- _DATASET RECORDS_
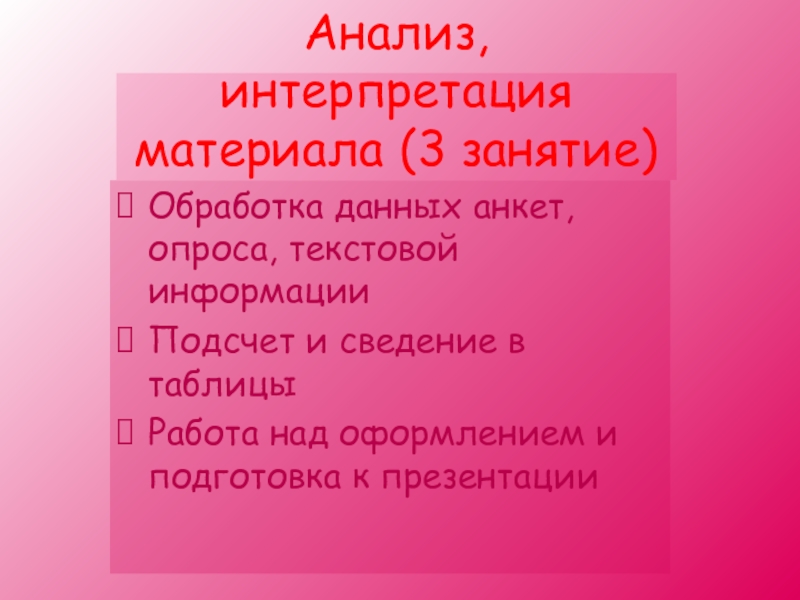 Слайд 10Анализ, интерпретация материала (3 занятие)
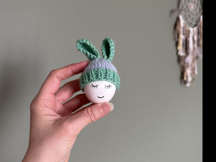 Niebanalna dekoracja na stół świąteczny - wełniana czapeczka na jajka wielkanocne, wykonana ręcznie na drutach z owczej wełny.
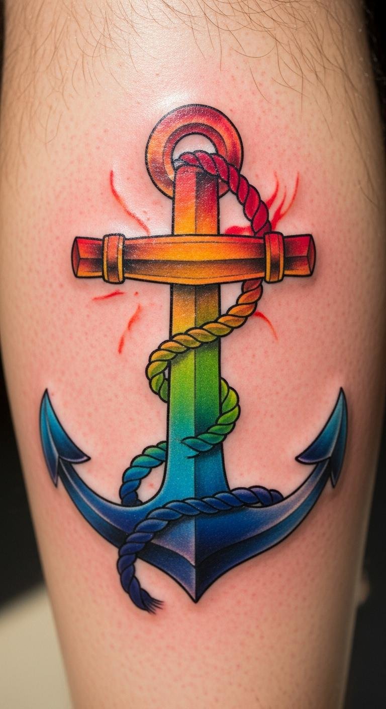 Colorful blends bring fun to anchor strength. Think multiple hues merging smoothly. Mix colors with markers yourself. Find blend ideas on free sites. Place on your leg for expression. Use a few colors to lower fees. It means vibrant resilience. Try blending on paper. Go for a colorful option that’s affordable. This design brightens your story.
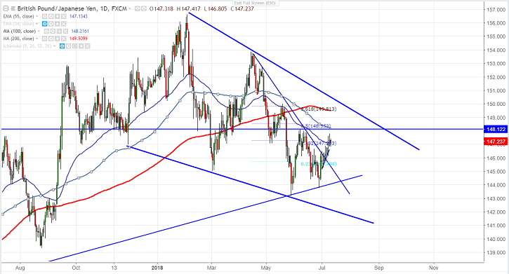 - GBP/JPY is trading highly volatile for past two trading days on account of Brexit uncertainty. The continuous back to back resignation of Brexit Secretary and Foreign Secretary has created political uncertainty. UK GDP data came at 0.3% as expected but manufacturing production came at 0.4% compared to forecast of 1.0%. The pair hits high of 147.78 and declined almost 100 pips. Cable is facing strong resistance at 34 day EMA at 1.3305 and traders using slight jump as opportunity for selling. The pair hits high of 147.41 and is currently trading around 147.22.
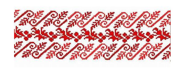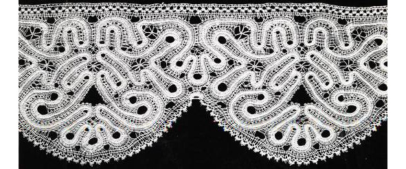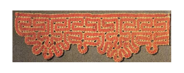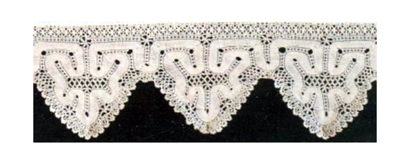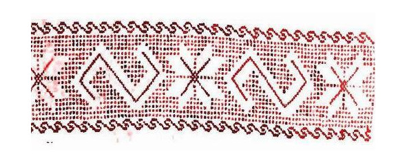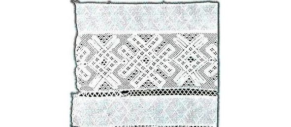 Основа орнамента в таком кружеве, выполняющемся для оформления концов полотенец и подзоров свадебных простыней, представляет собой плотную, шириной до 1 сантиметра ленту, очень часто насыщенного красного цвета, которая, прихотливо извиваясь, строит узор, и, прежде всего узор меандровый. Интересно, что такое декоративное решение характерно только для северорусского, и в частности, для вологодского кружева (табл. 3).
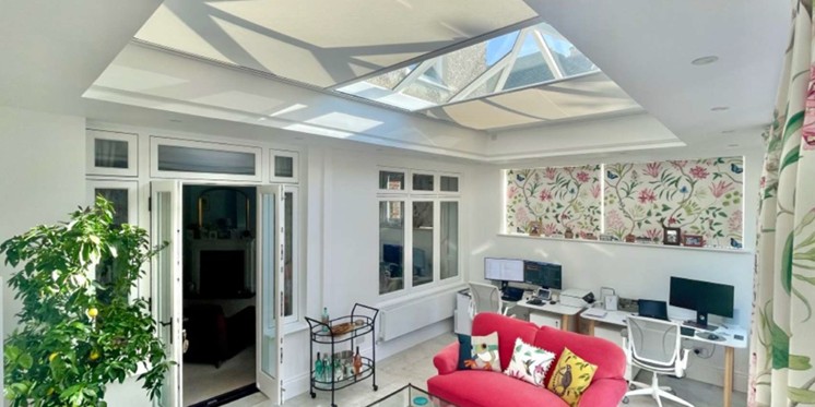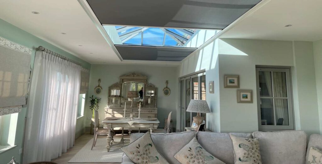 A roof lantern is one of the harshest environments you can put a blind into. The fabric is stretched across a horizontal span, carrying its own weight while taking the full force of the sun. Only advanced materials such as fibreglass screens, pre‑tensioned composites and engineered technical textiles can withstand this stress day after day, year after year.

- _WORK TO COMPLETE_
Type the entries above out again exactly, with no pictures.

- _ANSWER TO THIS PROBLEM_
 Слайд 10Анализ, интерпретация материала (3 занятие)
 Niebanalna dekoracja na stół świąteczny - wełniana czapeczka na jajka wielkanocne, wykonana ręcznie na drutach z owczej wełny.
 Colorful blends bring fun to anchor strength. Think multiple hues merging smoothly. Mix colors with markers yourself. Find blend ideas on free sites. Place on your leg for expression. Use a few colors to lower fees. It means vibrant resilience. Try blending on paper. Go for a colorful option that’s affordable. This design brightens your story.
 - GBP/JPY is trading highly volatile for past two trading days on account of Brexit uncertainty. The continuous back to back resignation of Brexit Secretary and Foreign Secretary has created political uncertainty. UK GDP data came at 0.3% as expected but manufacturing production came at 0.4% compared to forecast of 1.0%. The pair hits high of 147.78 and declined almost 100 pips. Cable is facing strong resistance at 34 day EMA at 1.3305 and traders using slight jump as opportunity for selling. The pair hits high of 147.41 and is currently trading around 147.22.
 Основа орнамента в таком кружеве, выполняющемся для оформления концов полотенец и подзоров свадебных простыней, представляет собой плотную, шириной до 1 сантиметра ленту, очень часто насыщенного красного цвета, которая, прихотливо извиваясь, строит узор, и, прежде всего узор меандровый. Интересно, что такое декоративное решение характерно только для северорусского, и в частности, для вологодского кружева (табл. 3).
 A roof lantern is one of the harshest environments you can put a blind into. The fabric is stretched across a horizontal span, carrying its own weight while taking the full force of the sun. Only advanced materials such as fibreglass screens, pre‑tensioned composites and engineered technical textiles can withstand this stress day after day, year after year.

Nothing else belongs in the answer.